-- Opening Marker --

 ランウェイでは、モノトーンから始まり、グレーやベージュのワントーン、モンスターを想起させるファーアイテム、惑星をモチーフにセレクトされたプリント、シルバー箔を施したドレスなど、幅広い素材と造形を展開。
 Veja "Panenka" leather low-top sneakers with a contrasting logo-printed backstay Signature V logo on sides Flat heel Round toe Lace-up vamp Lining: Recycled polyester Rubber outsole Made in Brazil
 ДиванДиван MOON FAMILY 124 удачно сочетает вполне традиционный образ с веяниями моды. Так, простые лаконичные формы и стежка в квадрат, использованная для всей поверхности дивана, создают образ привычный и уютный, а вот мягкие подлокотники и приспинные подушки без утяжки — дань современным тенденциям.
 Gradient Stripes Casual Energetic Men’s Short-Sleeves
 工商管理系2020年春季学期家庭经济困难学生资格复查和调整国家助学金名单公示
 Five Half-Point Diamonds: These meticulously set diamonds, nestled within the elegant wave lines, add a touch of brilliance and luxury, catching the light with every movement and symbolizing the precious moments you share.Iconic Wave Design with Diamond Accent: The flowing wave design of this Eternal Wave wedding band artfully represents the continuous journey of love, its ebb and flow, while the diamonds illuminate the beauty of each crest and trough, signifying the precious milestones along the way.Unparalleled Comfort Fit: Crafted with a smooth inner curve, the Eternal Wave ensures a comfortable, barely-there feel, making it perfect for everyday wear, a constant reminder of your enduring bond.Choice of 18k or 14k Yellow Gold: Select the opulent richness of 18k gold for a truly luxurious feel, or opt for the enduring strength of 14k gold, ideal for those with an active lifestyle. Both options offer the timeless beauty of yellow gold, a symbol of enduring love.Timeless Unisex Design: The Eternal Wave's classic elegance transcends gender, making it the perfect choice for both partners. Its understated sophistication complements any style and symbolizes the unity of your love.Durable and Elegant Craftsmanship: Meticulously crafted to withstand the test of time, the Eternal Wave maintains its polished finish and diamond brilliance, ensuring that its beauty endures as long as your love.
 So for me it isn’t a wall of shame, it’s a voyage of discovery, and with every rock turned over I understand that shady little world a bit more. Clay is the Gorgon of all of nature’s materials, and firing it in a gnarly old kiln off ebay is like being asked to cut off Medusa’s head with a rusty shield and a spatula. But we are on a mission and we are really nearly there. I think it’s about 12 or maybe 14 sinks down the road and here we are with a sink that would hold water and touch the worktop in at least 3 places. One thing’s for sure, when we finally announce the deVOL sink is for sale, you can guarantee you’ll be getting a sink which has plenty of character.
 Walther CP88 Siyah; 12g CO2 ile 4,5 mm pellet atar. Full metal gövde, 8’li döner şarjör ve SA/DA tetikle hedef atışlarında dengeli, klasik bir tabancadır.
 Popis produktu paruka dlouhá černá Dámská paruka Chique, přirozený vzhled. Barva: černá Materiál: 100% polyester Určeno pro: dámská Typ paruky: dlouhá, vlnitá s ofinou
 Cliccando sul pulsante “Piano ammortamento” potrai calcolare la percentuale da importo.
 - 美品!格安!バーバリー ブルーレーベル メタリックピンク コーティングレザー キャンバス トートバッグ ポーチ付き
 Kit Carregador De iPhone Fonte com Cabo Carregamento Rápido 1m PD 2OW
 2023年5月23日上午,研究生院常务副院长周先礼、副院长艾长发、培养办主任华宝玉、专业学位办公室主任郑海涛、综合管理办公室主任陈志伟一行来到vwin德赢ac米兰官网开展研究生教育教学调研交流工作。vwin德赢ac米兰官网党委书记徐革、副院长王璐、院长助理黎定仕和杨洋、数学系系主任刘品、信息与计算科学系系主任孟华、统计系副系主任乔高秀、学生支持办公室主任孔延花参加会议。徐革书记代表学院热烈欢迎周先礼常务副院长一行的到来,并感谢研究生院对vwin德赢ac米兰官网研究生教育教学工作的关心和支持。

-- Closing Marker --

• EXERCISE DIRECTIONS
Print the listing above from its first line through the line with "Made in Brazil", and stop there.

• ANSWER FOR THIS EXERCISE
 ランウェイでは、モノトーンから始まり、グレーやベージュのワントーン、モンスターを想起させるファーアイテム、惑星をモチーフにセレクトされたプリント、シルバー箔を施したドレスなど、幅広い素材と造形を展開。
 Veja "Panenka" leather low-top sneakers with a contrasting logo-printed backstay Signature V logo on sides Flat heel Round toe Lace-up vamp Lining: Recycled polyester Rubber outsole Made in Brazil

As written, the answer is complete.